**** INFORMATION SUPPLIED ****
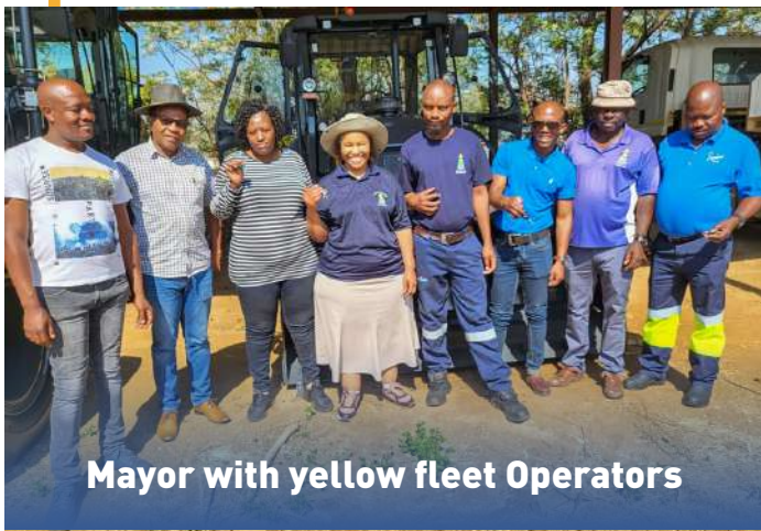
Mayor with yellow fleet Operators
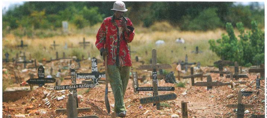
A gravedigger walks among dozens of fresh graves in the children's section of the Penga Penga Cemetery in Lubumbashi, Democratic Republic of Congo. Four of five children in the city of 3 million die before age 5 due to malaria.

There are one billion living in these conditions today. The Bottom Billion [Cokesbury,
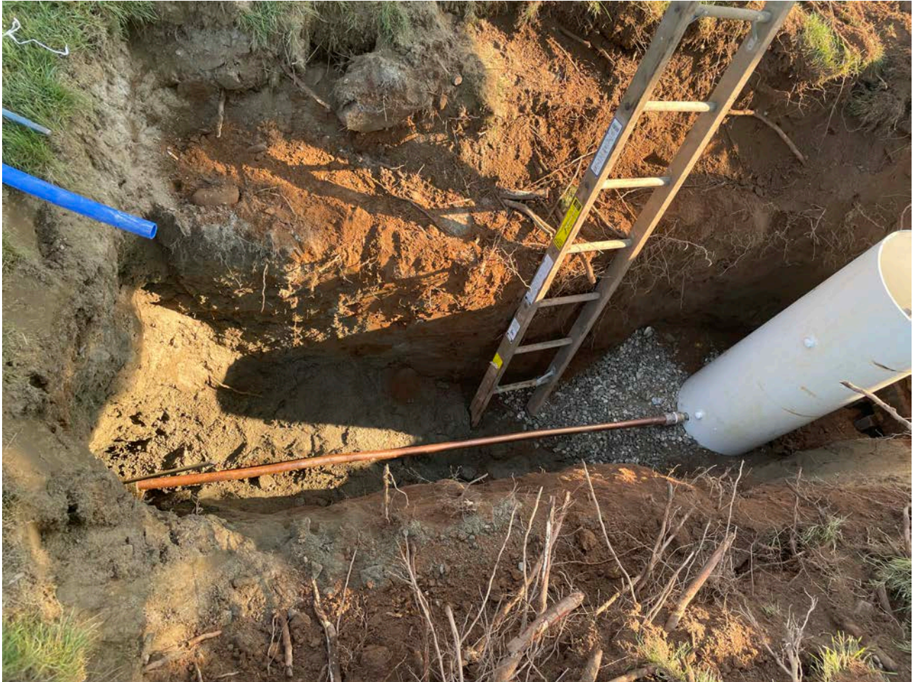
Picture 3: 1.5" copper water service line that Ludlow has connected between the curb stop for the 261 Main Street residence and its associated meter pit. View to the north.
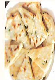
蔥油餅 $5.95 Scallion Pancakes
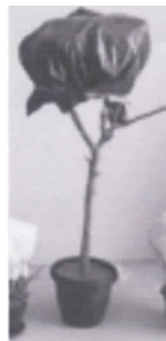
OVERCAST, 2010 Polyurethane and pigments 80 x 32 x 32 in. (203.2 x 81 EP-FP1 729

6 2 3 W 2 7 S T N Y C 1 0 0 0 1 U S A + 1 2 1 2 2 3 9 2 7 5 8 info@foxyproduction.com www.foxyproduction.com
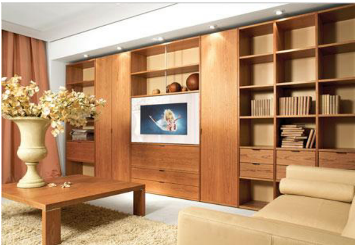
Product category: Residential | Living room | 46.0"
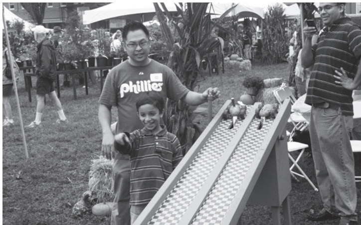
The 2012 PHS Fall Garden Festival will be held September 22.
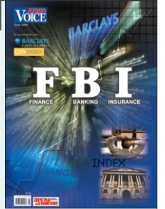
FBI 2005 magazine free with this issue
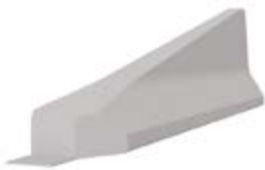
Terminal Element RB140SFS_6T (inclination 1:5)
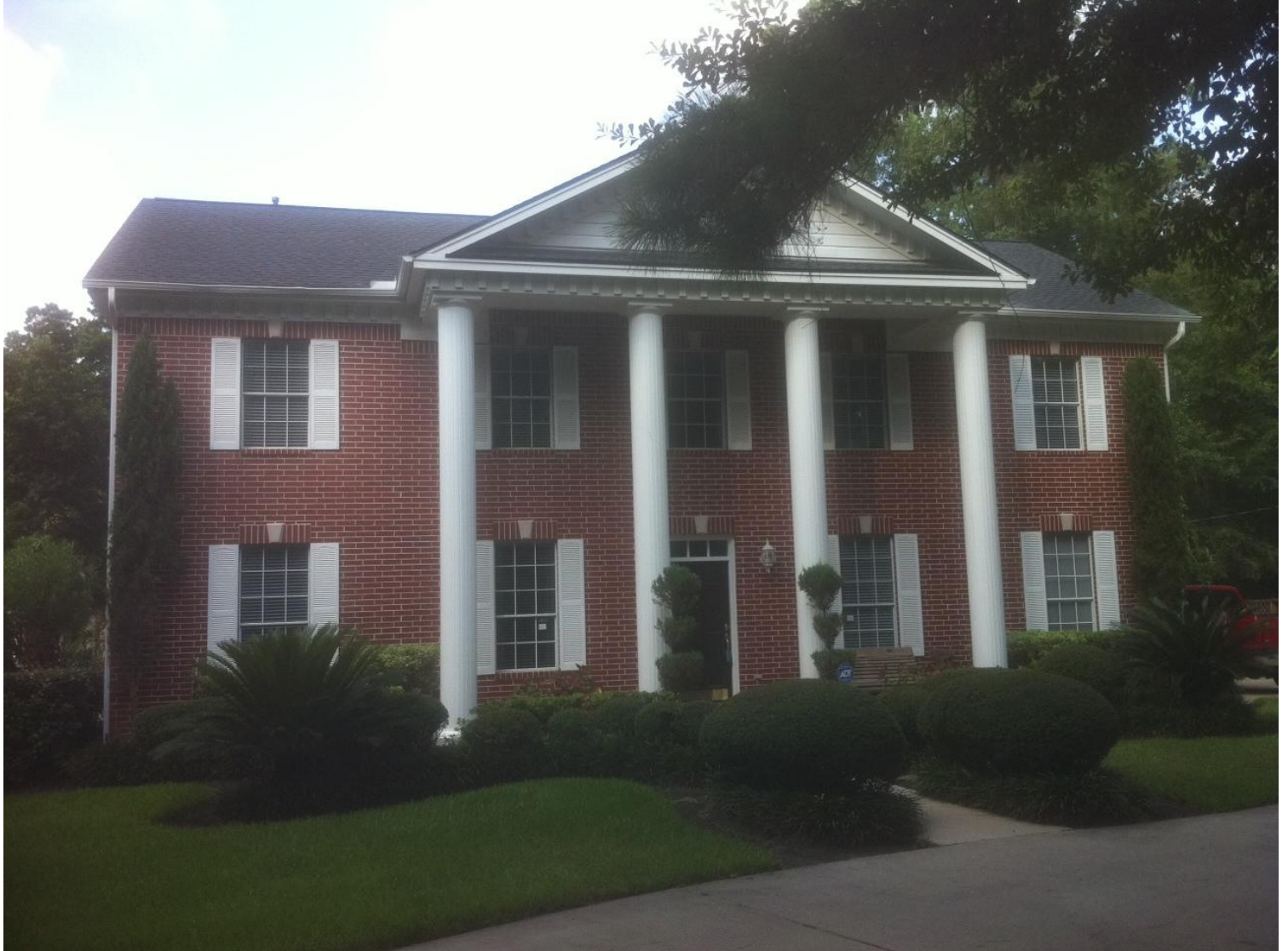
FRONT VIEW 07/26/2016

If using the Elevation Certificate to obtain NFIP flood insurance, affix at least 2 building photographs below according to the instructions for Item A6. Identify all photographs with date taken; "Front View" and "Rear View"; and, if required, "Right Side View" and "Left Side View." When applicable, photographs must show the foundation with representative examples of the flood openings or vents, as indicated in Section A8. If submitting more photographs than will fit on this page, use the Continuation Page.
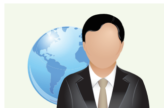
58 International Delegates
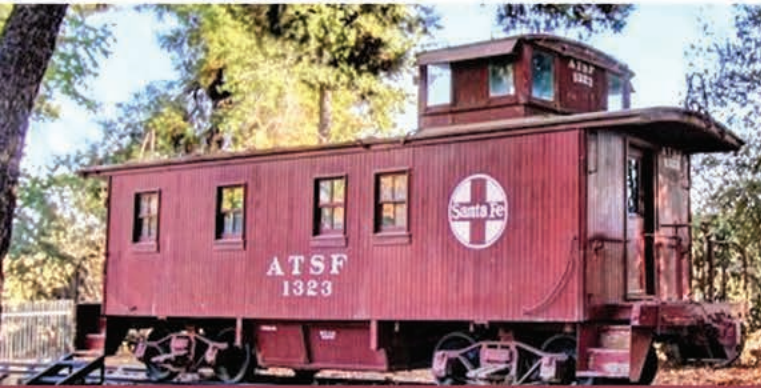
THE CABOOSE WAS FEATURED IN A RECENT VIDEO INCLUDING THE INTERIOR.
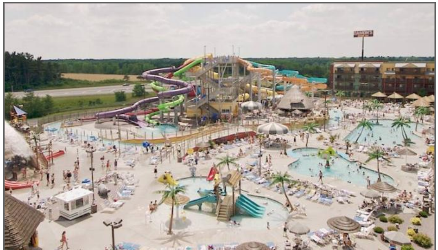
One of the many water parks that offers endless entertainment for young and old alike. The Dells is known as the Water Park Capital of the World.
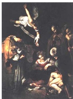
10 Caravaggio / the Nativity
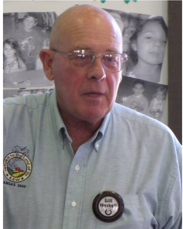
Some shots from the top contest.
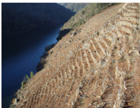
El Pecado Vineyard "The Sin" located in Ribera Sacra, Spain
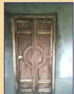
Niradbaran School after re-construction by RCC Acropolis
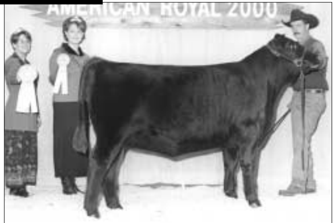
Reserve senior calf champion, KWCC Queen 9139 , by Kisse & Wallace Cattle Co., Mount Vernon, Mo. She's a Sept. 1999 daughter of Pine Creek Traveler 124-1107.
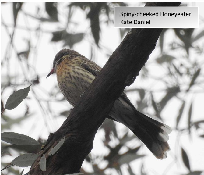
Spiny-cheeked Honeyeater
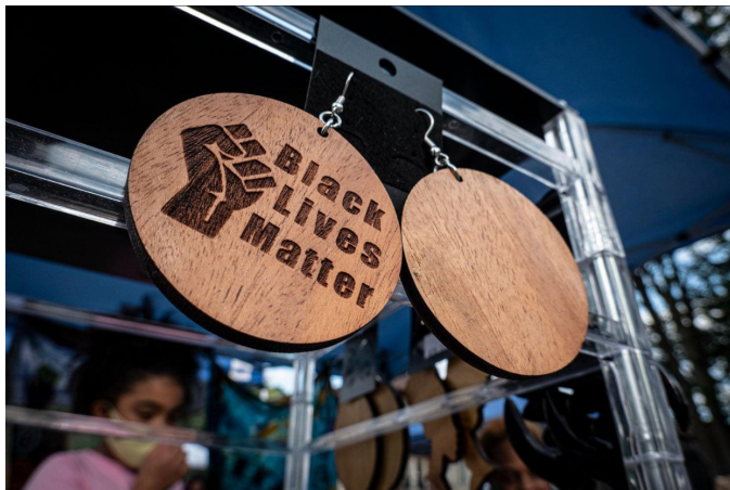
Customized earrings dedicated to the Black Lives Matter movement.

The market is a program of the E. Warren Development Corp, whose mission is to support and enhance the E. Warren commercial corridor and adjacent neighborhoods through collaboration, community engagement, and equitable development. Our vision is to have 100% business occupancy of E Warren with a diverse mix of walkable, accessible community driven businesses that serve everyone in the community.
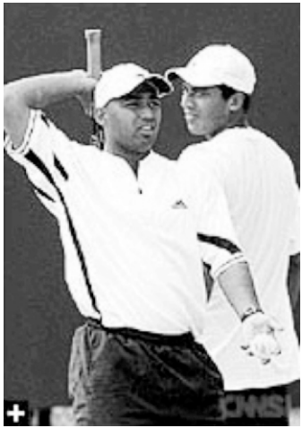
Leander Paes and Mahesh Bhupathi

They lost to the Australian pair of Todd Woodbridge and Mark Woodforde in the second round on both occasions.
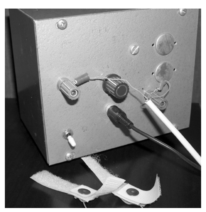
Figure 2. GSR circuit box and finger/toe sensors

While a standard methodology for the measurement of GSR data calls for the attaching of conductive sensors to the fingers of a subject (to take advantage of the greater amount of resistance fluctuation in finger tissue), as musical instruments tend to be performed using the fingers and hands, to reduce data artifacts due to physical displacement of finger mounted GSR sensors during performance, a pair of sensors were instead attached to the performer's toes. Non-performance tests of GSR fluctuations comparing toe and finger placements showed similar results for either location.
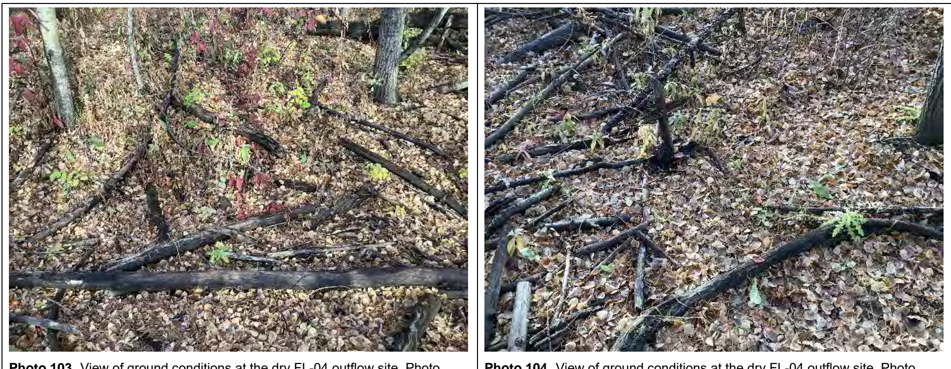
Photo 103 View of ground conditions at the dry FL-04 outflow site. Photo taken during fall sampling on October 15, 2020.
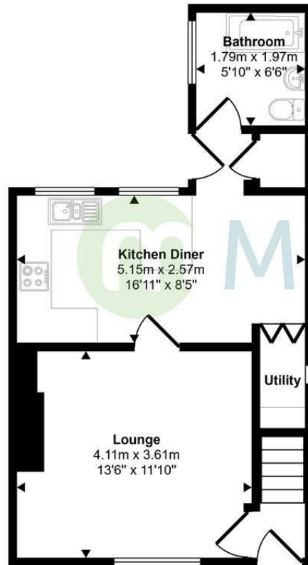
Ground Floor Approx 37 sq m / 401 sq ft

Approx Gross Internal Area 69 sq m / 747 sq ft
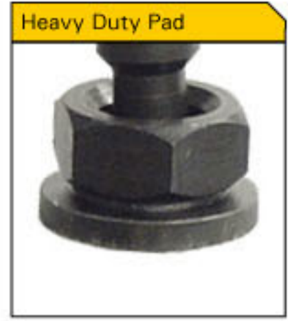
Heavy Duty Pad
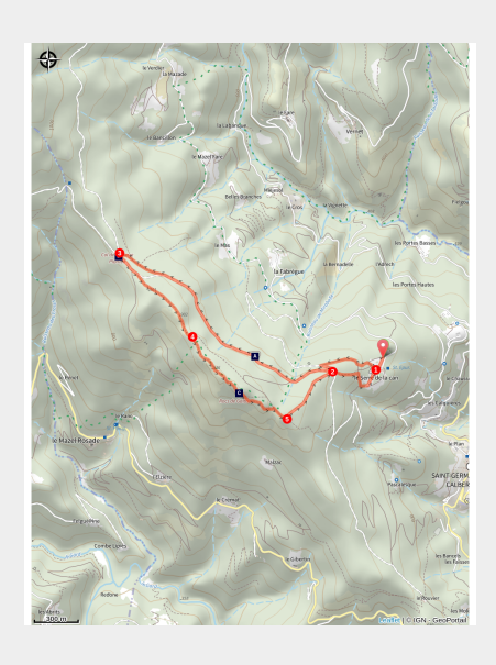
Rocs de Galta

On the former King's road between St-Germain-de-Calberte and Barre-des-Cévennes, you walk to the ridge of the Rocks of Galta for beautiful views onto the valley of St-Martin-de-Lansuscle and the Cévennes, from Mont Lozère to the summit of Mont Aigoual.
****
◆ WORK TO BE COMPLETED
In the records above, find the line with "Niradbaran School after" and the line with "Spiny-cheeked Honeyeater", then restate word for word only those two lines and all lines between, omitting pictures.

◆ EXERCISE RESULT
Niradbaran School after re-construction by RCC Acropolis
Reserve senior calf champion, KWCC Queen 9139 , by Kisse & Wallace Cattle Co., Mount Vernon, Mo. She's a Sept. 1999 daughter of Pine Creek Traveler 124-1107.
Spiny-cheeked Honeyeater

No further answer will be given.